Even he admits that the challenges of this music can seem to be on the border of feasibility: ‘Finding a technical answer to Ligeti’s new structurings is the player’s task. And with, for example, the sixth and twelfth polyrhythmic Etudes you have to use controls quite different from the traditional ones you use for the voices of a Bach fugue.’ Are these controls in the brain, or the fingers? ‘They are both in the brain and in the physical contact. You have to find a synthesis.’ How far is the brain consciously in control? ‘One dimension helps the other: the muscular and auditive memory helps the memory in the brain. And when we become conscious of that process, we can extend our control. It’s a matter of intelligent virtuosity.’

How does he memorise the music? ‘I always use the score, because that is how I have learned it.’ But when you play, are you watching the score, or your fingers? ‘It depends on the Etude – with some pieces I keep a very careful eye on the score.’ In some printed versions, he says, the number of staffs is reduced ‘but that doesn’t give you optically the right feeling of shape and space. Even with a Bach four-part fugue, it can help musically to see the music laid out on four staffs, not on the conventional two.’

The initial stage of Ligeti Project focuses on two pieces of music: Musica Ricercata No 1, and Etude 13, known as ‘L’escalier du diable’ – the Devil’s Staircase. The first of these pieces – strongly influenced by Bartok and Stravinsky – contains only two tones plus their octave transpositions, but it requires a lot more virtuosity than it might seem to do at first glance.

We see Aimard filmed from three angles, and we can control the way the score moves, with each the bar shaded blue as it is played; we can also break off to watch master-classes dealing with knotty points in the score: all the interactive tricks you could wish for are woven into this clever piece of pedagogy.

And Aimard’s commentaries, which start with an account of how this Etude was conceived as Ligeti found himself pedalling uphill during a sudden and violent storm, are highly illuminating. ‘The wish of Ligeti was to feel this immense effort, to feel the useless effort, the effort in vain. And he really wants the interpreter to share with the listener his own fight in trying to play it. Ligeti was extreme, his compositions are extreme, and we have to be extreme. In our loudness, in our commitment, and also in the distance, when there is a distance. For instance the two very soft bell-like chords in bars 33-34: he wanted to have them sounding like echoes of bells that don’t exist. And that invites us to find a sound that is almost beyond comprehension.’
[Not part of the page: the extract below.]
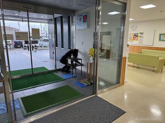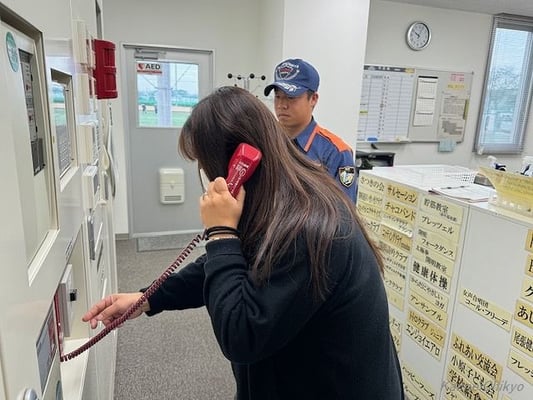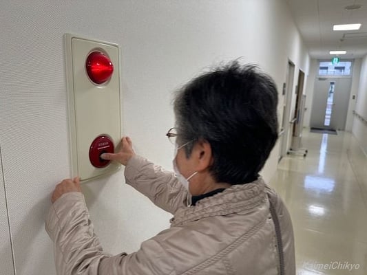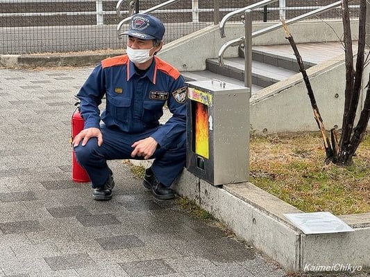 まずは消防訓練として、足つぼ健康ヨーガの古田代表の火災報知器ボタンのオン!

The warp and weft of Ligeti’s rhythmical asymmetries is demonstrated by Aimard with brilliant clarity: ‘He wants to create a rhythmical anxiety. And at the end of this infernal process, he asks us to play at eight-f. This is not just to play twice or three times louder, as at the end of a Brahms or Rachmaninov concerto, it is an invitation to use a sound that will not be seen as beautiful in the traditional acoustic sense.’ A sound, he stresses, that seems distorted. ‘It is also an invitation to find a way for the interpreter to go beyond his own borders,’ in a collapse which should express the cataclysm at the end of this extraordinary work. ‘This piece is almost unbearable to play, and it should feel unbearable.’